Baseline OS Image Assessment

Baseline OS Image Assessment

Secure Network’s Baseline OS Image testing will assess customer host-based controls as well as application control configurations and relevant GPOs. The purpose of this test is to determine if an attacker or an insider threat would be able to take control of the host by exploiting escalation of privilege vulnerabilities within the defined baseline image.

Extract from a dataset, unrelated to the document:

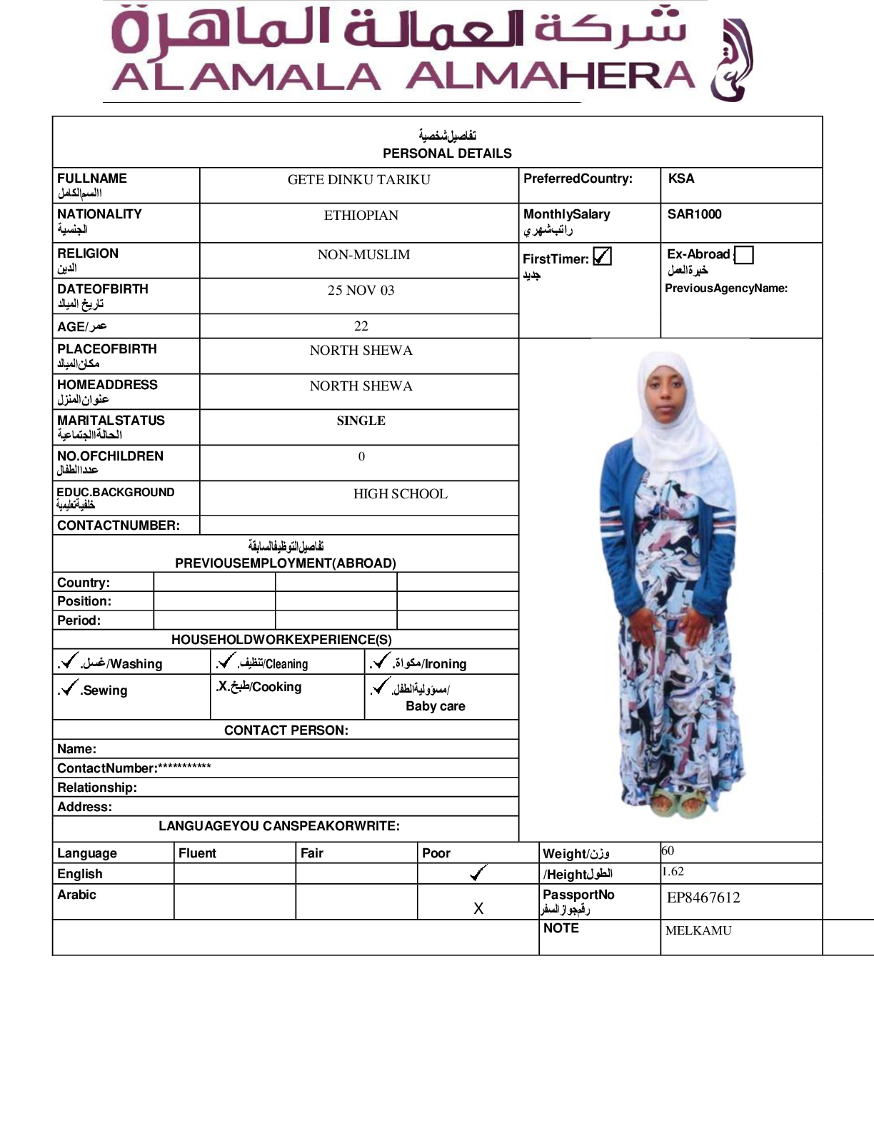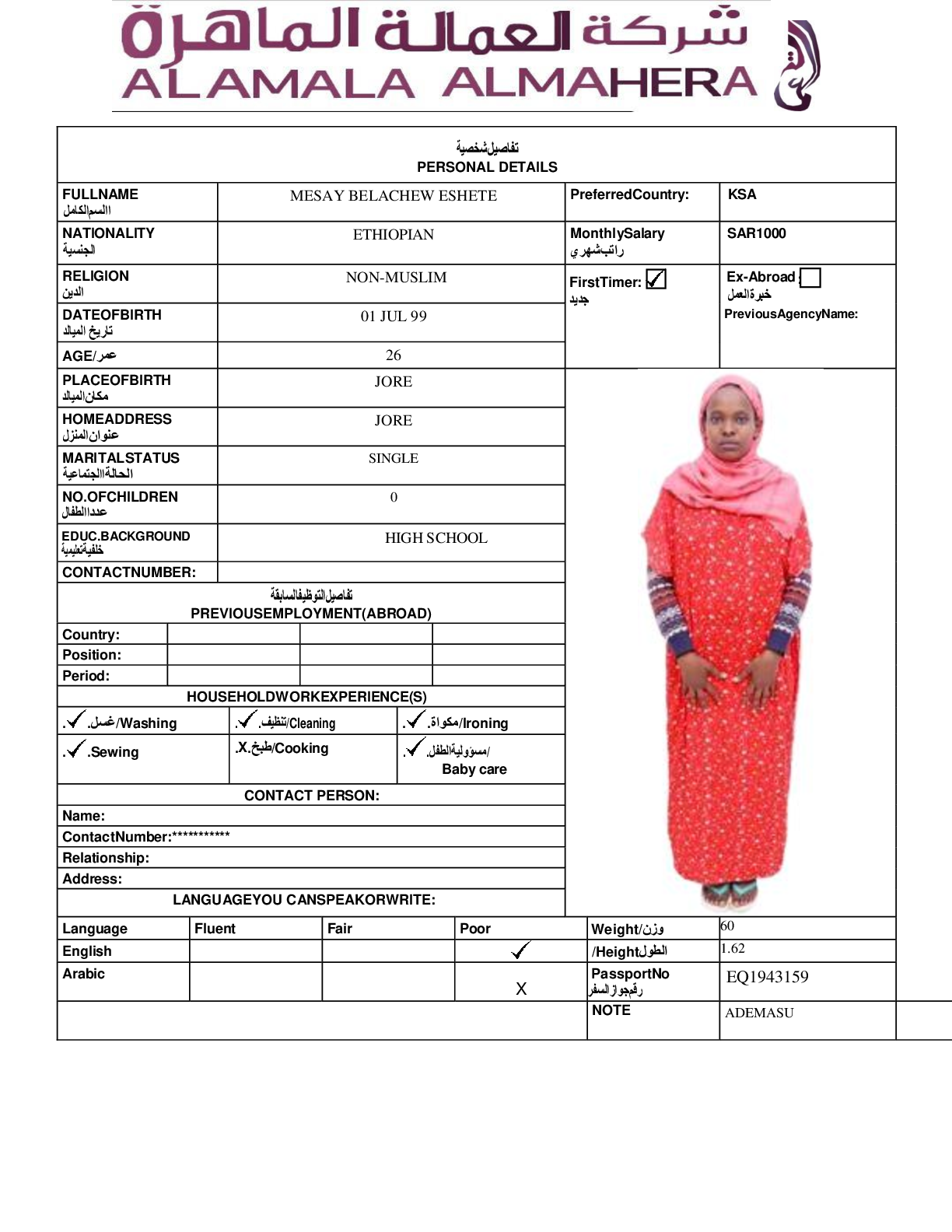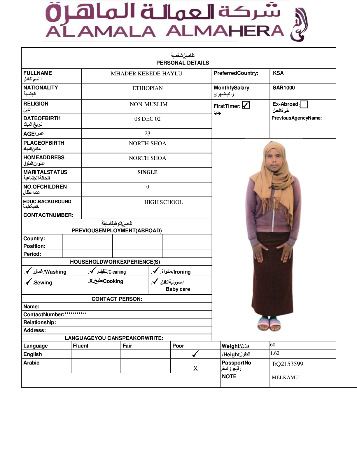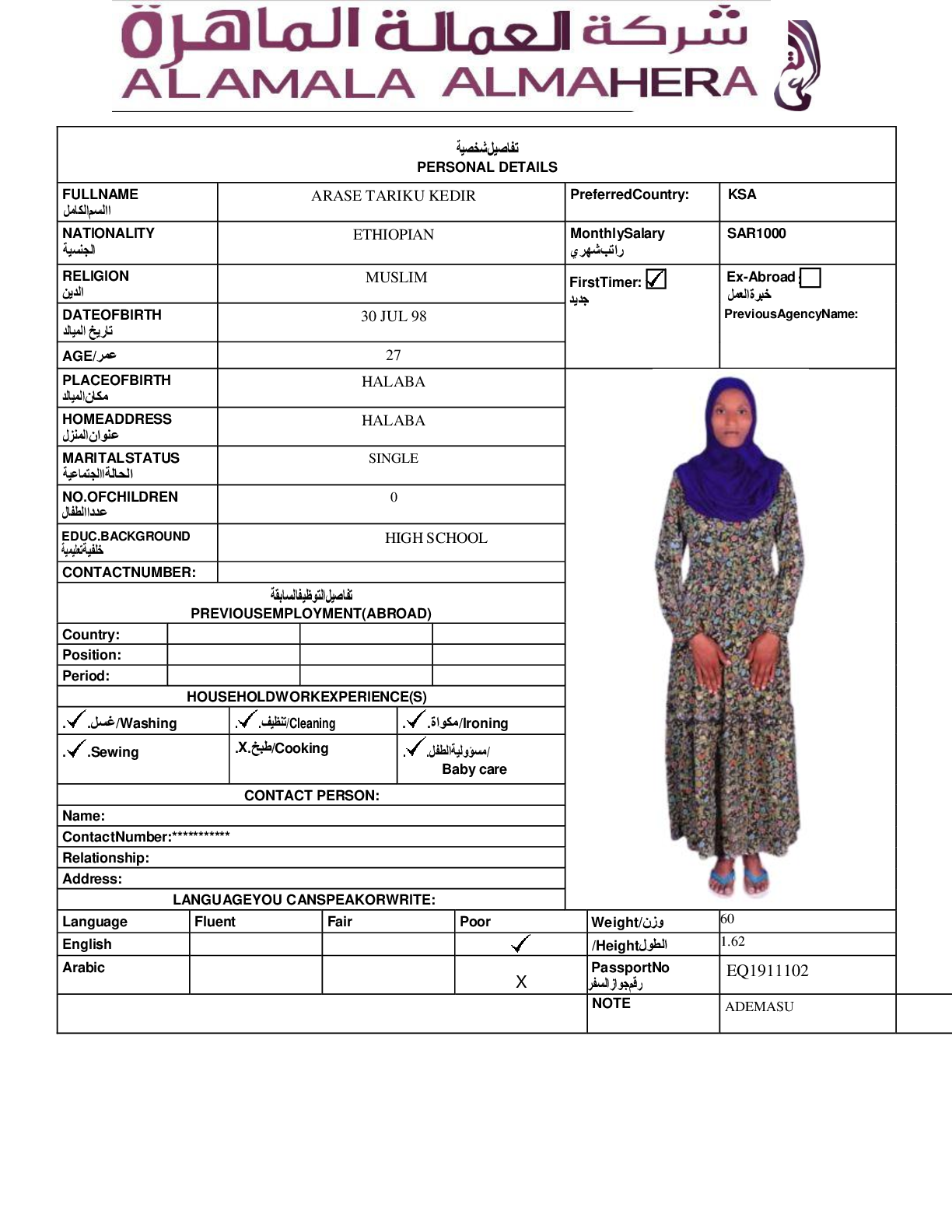 عاملة منزلية

SNT applies a consistent and reproduceable approach that combines comprehensive identification and validation of risk-based vulnerabilities. This methodology ensures that both new and common threat actor Techniques, Tactics, and Procedures (TTPs) are applied to each test, identifying real world attack paths that could be exploited within mature organizations.

Planning Phase

During the Planning phase, SNT will collaborate with customer Point of Contacts (PoC) to discuss Scope, Rules of Engagement, and to outline what to expect during the baseline OS image assessment. Senior cyber security engineers will be involved with PoC planning meetings to detail engagement information and to answer any questions or concerns.

Reconnaissance Phase

The Reconnaissance phase will be the beginning of the baseline OS image testing scenario. With access to a Windows based workstation or server, SNT will implement commonly used threat actor TTPs to gain information about user context, host, AV/EDR, patch levels, and installed services and applications.

Exploitation Phase

The Exploitation phase will begin once a privilege escalation vulnerability has been discovered. This initial vulnerability will be exposed via software or services vulnerabilities or misconfigurations.

Post-Exploitation Phase

The Post-Exploitation phase continues the exploitation of the attack path to validate the likelihood of a real-world threat actors’ ability to compromise the host. SNT will validate common post-exploitation techniques and their effectiveness such as modifying the host firewall, disabling AV/EDR, dumping LSASS, dumping registry hives, etc.

Reporting Phase

The Reporting phase will occur after the conclusion of testing. Any attack paths or vulnerabilities that have been discovered and exploited will be disclosed. Mitigation techniques are included in details of findings, where applicable, to provide guidance and a starting point to reduce the overall risk to the customer environment.

Deliverables

SNT will deliver the final report to the customer along with associated artifacts gathered during the attack, such as credentialed Nessus scans and privilege escalation checks.